• Try it: In the material below, find the line containing "Chcete se vyznat" and the line containing "Blue Striped Women's". Output those two lines and all lines between them exactly, without pictures.

• Extracted entries:
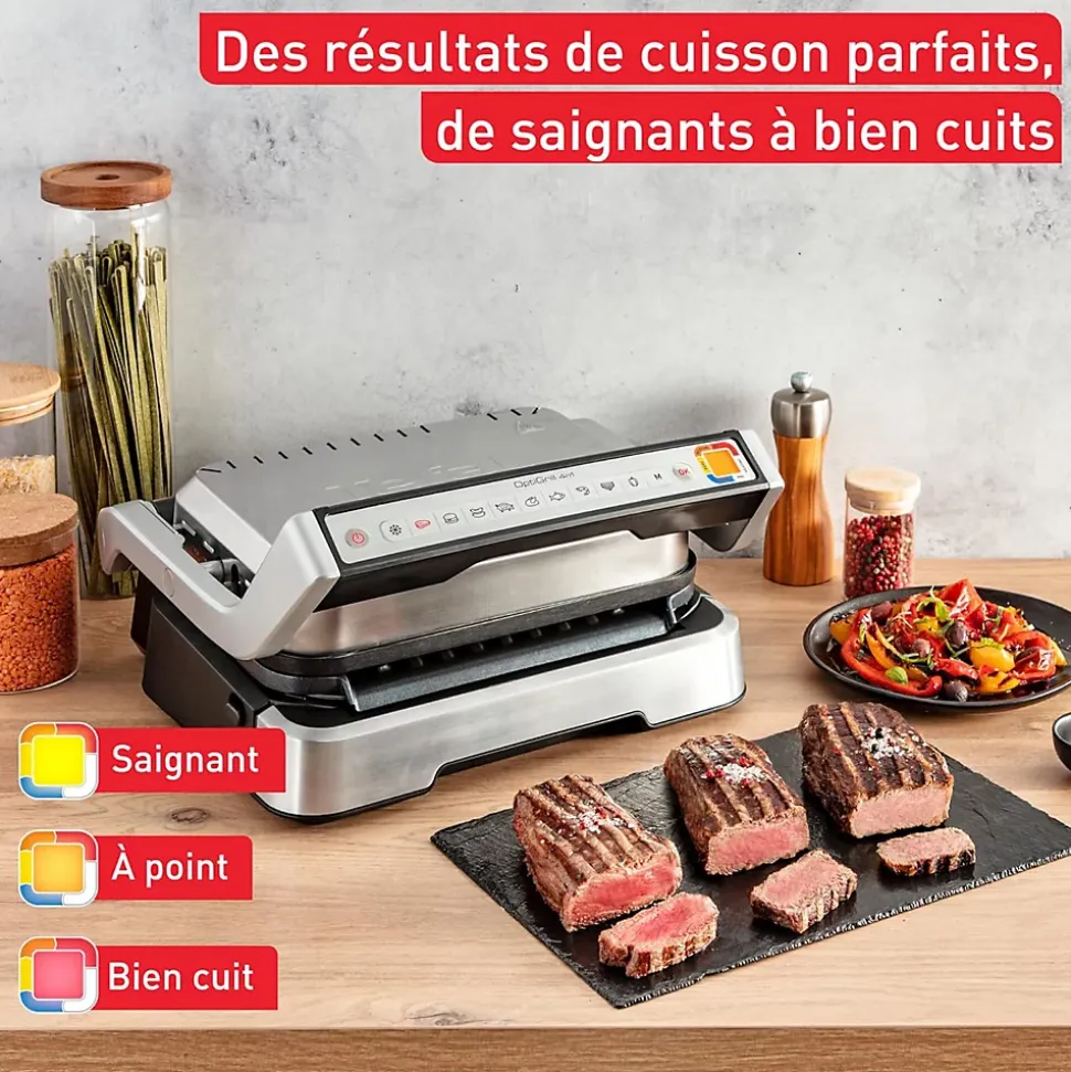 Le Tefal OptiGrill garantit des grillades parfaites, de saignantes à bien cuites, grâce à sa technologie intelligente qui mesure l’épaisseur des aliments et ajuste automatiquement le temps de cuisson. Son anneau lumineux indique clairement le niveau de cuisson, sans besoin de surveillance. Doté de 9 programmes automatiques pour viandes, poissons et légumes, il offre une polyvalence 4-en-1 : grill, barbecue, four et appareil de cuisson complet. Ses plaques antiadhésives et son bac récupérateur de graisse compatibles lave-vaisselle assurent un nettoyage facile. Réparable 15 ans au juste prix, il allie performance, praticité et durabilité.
...
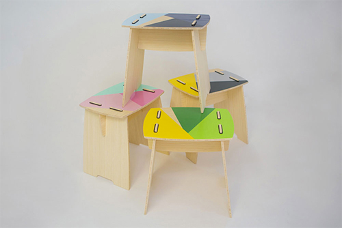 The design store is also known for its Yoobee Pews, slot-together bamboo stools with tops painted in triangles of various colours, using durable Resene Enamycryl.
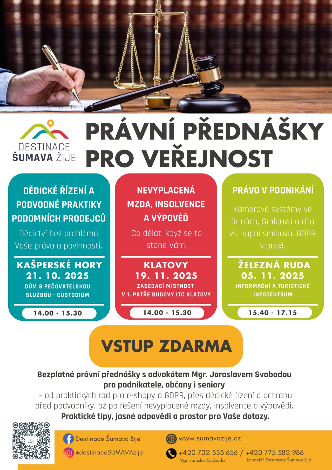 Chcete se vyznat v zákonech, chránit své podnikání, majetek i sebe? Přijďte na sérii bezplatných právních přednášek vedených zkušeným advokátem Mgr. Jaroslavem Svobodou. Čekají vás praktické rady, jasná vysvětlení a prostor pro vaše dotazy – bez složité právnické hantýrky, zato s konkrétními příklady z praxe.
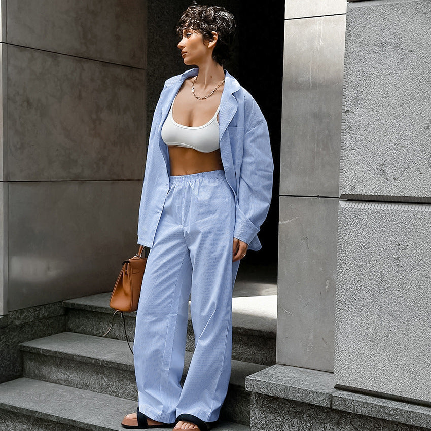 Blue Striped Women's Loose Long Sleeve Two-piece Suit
==
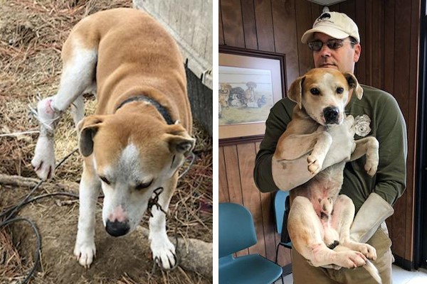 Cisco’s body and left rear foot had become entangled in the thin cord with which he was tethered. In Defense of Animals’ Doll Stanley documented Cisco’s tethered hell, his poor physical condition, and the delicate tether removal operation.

• Your solution:
 Chcete se vyznat v zákonech, chránit své podnikání, majetek i sebe? Přijďte na sérii bezplatných právních přednášek vedených zkušeným advokátem Mgr. Jaroslavem Svobodou. Čekají vás praktické rady, jasná vysvětlení a prostor pro vaše dotazy – bez složité právnické hantýrky, zato s konkrétními příklady z praxe.
 Blue Striped Women's Loose Long Sleeve Two-piece Suit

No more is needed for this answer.